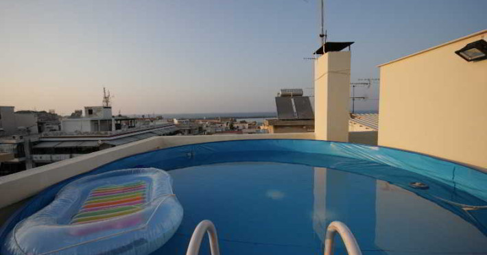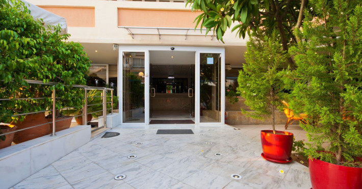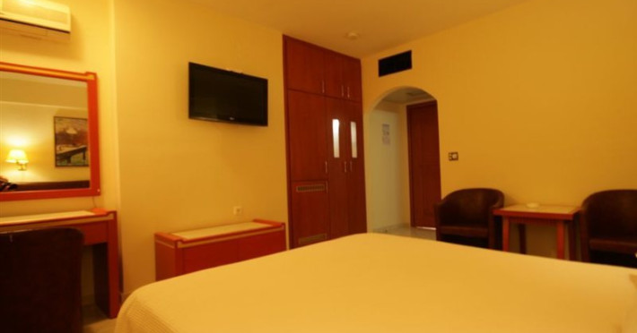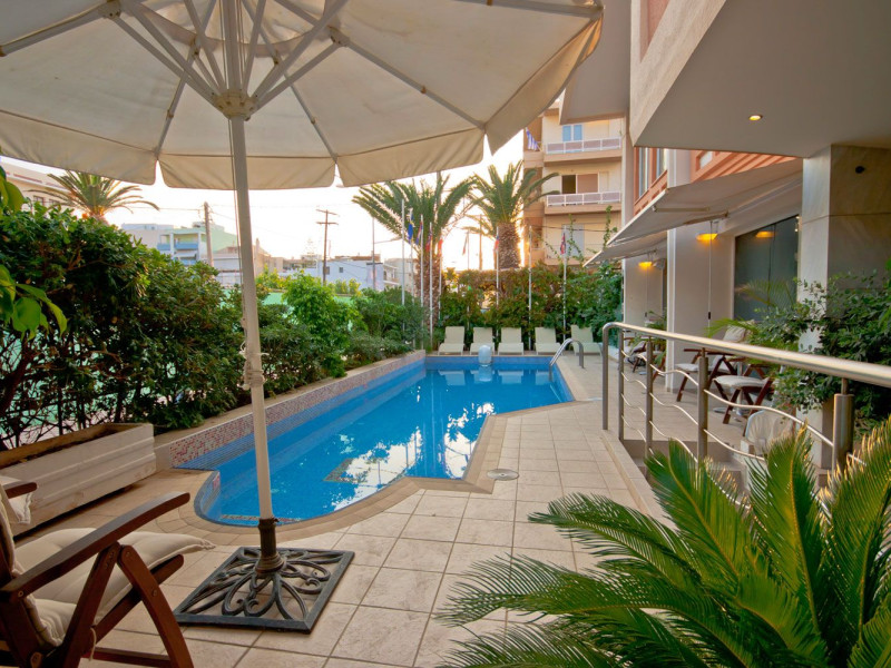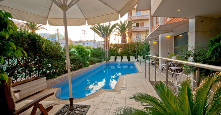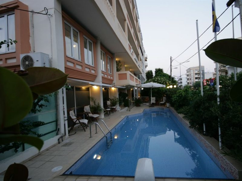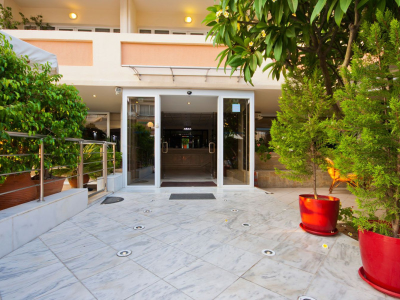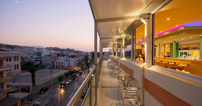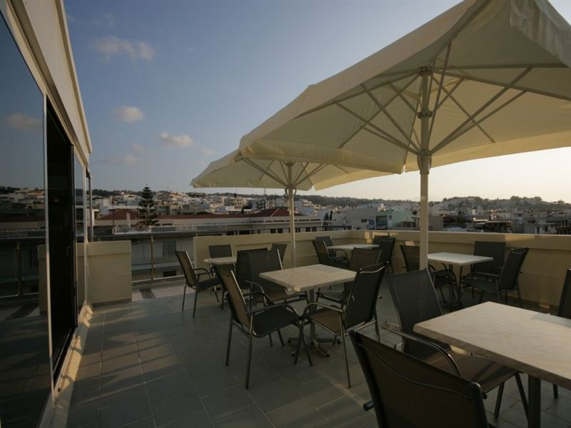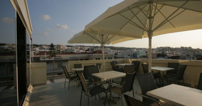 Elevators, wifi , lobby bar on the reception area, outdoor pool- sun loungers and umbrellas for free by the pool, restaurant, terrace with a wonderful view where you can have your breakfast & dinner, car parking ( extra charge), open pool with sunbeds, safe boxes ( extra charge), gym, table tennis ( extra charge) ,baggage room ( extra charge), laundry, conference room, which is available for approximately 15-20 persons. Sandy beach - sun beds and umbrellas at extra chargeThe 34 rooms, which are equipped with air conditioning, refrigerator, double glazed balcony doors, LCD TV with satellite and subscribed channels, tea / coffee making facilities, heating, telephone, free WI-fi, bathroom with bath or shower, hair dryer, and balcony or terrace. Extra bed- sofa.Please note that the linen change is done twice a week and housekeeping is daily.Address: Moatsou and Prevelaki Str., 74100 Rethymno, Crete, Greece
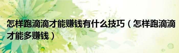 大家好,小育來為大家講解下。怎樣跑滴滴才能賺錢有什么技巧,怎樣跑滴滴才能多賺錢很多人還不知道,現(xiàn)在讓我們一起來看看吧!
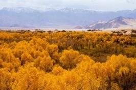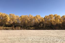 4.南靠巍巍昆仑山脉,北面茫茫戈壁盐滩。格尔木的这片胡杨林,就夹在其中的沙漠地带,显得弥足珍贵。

* Exercise: Reproduce the material in its entirety and word for word, without the pictures.

* Answer to this task:
 Elevators, wifi , lobby bar on the reception area, outdoor pool- sun loungers and umbrellas for free by the pool, restaurant, terrace with a wonderful view where you can have your breakfast & dinner, car parking ( extra charge), open pool with sunbeds, safe boxes ( extra charge), gym, table tennis ( extra charge) ,baggage room ( extra charge), laundry, conference room, which is available for approximately 15-20 persons. Sandy beach - sun beds and umbrellas at extra chargeThe 34 rooms, which are equipped with air conditioning, refrigerator, double glazed balcony doors, LCD TV with satellite and subscribed channels, tea / coffee making facilities, heating, telephone, free WI-fi, bathroom with bath or shower, hair dryer, and balcony or terrace. Extra bed- sofa.Please note that the linen change is done twice a week and housekeeping is daily.Address: Moatsou and Prevelaki Str., 74100 Rethymno, Crete, Greece
 大家好,小育來為大家講解下。怎樣跑滴滴才能賺錢有什么技巧,怎樣跑滴滴才能多賺錢很多人還不知道,現(xiàn)在讓我們一起來看看吧!
 4.南靠巍巍昆仑山脉,北面茫茫戈壁盐滩。格尔木的这片胡杨林,就夹在其中的沙漠地带,显得弥足珍贵。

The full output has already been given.